◆ Extracted entries:
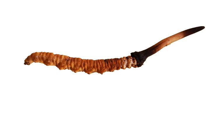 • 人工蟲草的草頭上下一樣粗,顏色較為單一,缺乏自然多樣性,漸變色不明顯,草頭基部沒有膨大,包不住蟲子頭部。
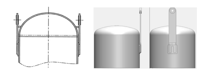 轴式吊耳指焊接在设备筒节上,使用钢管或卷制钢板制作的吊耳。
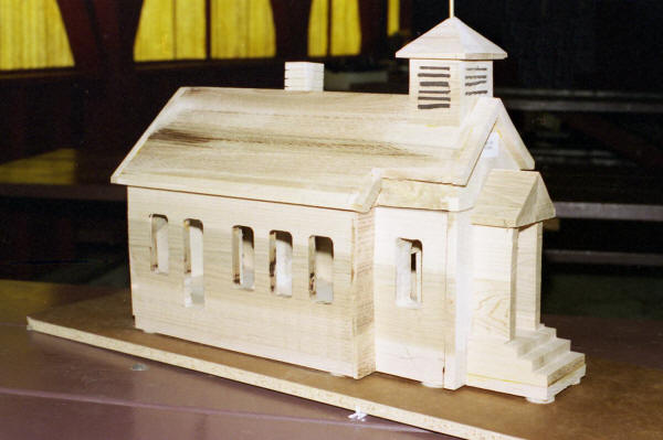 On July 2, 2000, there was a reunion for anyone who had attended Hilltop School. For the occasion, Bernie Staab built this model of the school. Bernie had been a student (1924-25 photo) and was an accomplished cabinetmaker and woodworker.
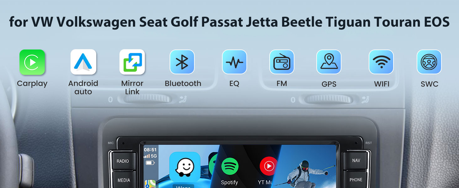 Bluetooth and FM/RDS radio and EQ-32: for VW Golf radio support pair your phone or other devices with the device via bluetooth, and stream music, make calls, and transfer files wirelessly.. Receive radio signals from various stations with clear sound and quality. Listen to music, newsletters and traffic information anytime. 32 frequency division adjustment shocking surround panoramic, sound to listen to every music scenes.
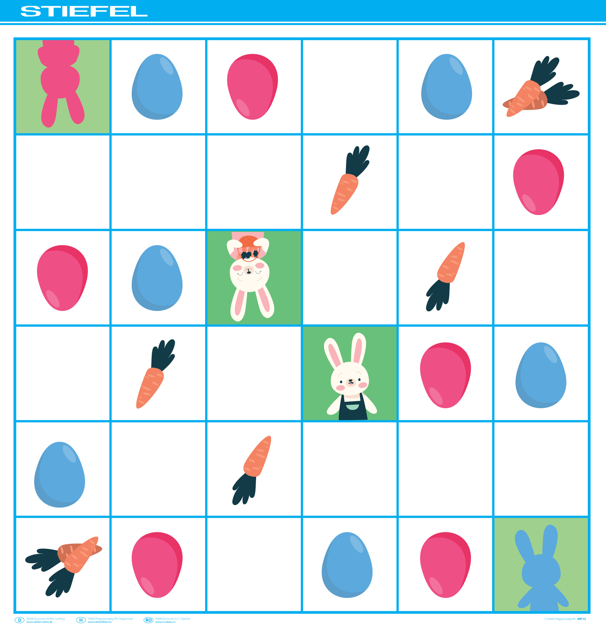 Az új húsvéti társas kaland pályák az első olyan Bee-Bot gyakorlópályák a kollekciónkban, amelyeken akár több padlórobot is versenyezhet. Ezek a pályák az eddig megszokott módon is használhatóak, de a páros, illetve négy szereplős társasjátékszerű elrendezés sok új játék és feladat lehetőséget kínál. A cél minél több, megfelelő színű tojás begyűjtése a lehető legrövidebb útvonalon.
==
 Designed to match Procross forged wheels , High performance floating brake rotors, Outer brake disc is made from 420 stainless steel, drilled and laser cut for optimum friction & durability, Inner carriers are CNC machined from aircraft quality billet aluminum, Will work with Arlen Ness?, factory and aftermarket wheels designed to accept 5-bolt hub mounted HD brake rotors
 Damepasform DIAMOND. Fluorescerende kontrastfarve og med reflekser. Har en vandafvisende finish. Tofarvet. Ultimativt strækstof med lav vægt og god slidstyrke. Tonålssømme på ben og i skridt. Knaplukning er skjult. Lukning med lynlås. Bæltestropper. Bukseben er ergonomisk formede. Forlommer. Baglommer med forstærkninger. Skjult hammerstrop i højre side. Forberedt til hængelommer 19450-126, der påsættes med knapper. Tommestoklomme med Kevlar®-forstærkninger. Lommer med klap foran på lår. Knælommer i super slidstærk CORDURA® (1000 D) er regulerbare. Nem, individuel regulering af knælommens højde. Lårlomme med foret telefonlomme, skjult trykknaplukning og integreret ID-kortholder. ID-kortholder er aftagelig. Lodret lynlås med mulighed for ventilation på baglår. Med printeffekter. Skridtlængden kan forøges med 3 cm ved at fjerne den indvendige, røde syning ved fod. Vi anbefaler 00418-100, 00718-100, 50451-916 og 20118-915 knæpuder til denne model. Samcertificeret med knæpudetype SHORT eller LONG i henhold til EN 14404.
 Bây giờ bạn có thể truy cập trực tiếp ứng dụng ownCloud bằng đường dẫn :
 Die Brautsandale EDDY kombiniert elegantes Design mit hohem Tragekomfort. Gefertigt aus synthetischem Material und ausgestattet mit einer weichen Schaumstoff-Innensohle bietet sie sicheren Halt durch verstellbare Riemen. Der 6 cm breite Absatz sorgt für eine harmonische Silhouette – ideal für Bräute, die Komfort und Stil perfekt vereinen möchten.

◆ Activity: The answer is those lines of the material above that run from the one containing "轴式吊耳指焊接在设备筒节上,使用钢管或卷制钢板制作的吊耳。" up to and including the one containing "On July 2, 2000, there", restated exactly and without images.

◆ Problem solution:
 轴式吊耳指焊接在设备筒节上,使用钢管或卷制钢板制作的吊耳。
 On July 2, 2000, there was a reunion for anyone who had attended Hilltop School. For the occasion, Bernie Staab built this model of the school. Bernie had been a student (1924-25 photo) and was an accomplished cabinetmaker and woodworker.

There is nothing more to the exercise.